А еще они напоминали упряжку цирковых кобыл, неторопливо пущенных наездником по кругу… Самой толстой была средняя, коренная, с густой черной гривой и густо подведенными глазами, с устрашающе обтянутой грудью, под которой тремя крутыми перетянутыми волнами спускался живот. Она переступала, неподвижно неся верхнюю, величавую часть туловища, независимо от нижней, пружинящей и отбацывающей каждый шаг в каком-то верховом нетерпении. Рыжая приземистая пристяжная справа (она действительно шла под руку со средней), беспрестанно проводила языком по верхней губе, медленно и нарочито, словно должна была этим подать кому-то особый знак. Третья была не столь жирной, как эти две, — в ее теле еще сохранились некоторые пропорции женской фигуры, — но все же увесистой, в очень короткой узкой юбке, из-за чего она переступала мелкими шажками, чуть отставая. Иногда слегка подскакивала и прибавляла шагу, чтобы нагнать товарок, что усиливало неуловимо цирковое впечатление от этой упряжки.

Они занимали всю ширину дорожки. К тому же в хвосте у них плелись двое пьяных узбеков, один из которых вдруг остановился и, пошарив в карманах, отошел к телефонной будке — звонить. Но войдя внутрь, словно забыл, зачем туда вошел, расстегнул ширинку и стал задумчиво поливать пол будки.

Мы со Светкой, переглянувшись, взяли за руки малышню и посторонились к обочине. Упряжка кобыл медленно прошествовала мимо, и средняя, коренная, черноволосая, вытянув губы трубочкой, прогудела:

— Ой, смотрите ка-а-кие де-е-вочки!
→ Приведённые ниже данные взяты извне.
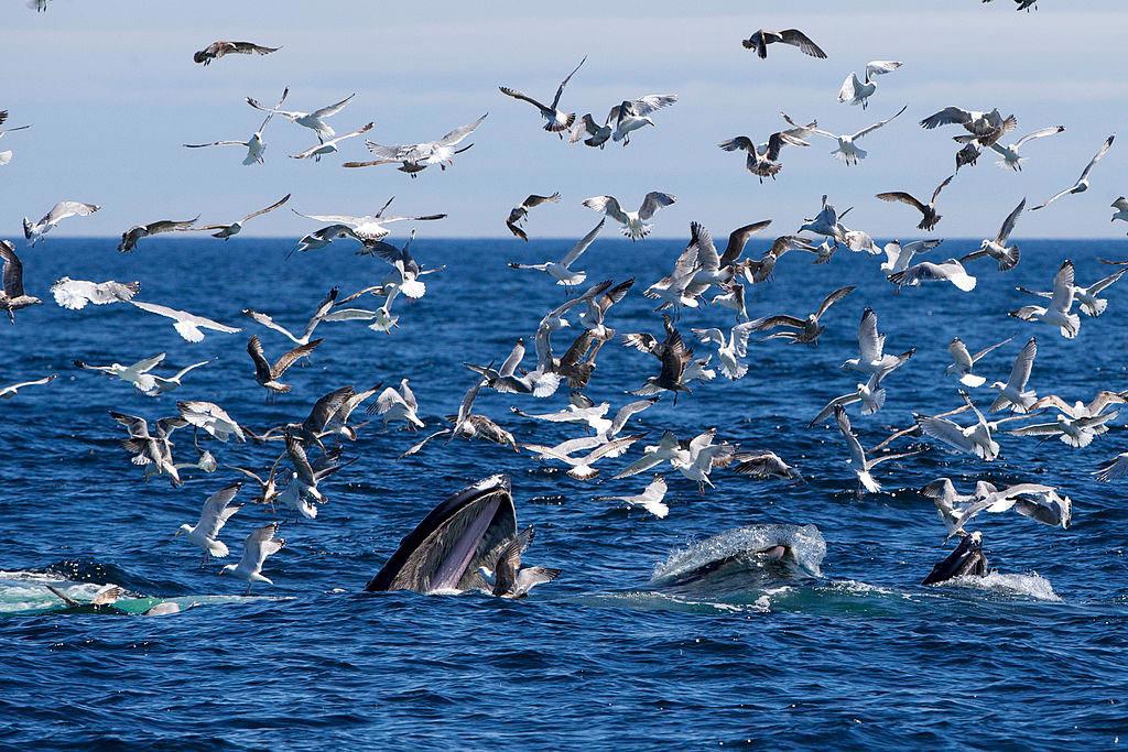 Горбатые киты во время кормежки у берегов мыса Кейп-Код. Новая Англия, США.

Ну прямо целки-невидимки!

Не сговариваясь, мы бросились бежать, подгоняемые взрывом хохота и вполне разбойным свистом…

…Другую сцену я видела уже будучи студенткой консерватории, и тогда впервые задумалась о пространстве, в котором каждый из нас пребывает.
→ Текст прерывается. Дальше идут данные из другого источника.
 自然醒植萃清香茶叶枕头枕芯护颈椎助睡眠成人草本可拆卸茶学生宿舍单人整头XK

Я стояла на остановке, ждала свой троллейбус. Накрапывал дождик, и все, кто находился там, зашли под пластиковый навес. Может быть, потому группа не сразу привлекла к себе внимание.

Это были три женщины, если, конечно, существа эти можно было определить по половому признаку. Испитые, скрюченные, тощие, с лицами, изборожденными морщинами так, как только руки прачки бывают изборождены после горячей стирки… Одна из них, очевидно, была за старшую. Сидела на пне поодаль от остановки, широко расставив ноги, выставив напоказ давно уже бесцветные грязные рейтузы, и, опершись на палку с грозным видом боярыни Морозовой, глядела перед собой неукротимым взглядом. За ее спиной, раболепно и жалко улыбаясь, поддакивая и кивая, стояла другая, в платочке.

Третья была — бунтарь: высохшая, с красным испитым лицом, с неуверенной походкой алкоголички; размахивая руками, она что-то нервно доказывала «боярыне Морозовой». При этом плакала пропитым сиплым голосом. Старуха сидела невозмутимо, по-прежнему грозно уставившись перед собой… Исчерпав все доводы, бунтарша сникла, перестала размахивать руками перед старшей и сделала вид, что уходит. Но после нескольких решительных, шатающихся шагов в сторону, остановилась, заплакала еще пуще и вскоре вернулась обратно… Старуха все так же сидела, хмуро погруженная в свои мысли, чуть колыша посох…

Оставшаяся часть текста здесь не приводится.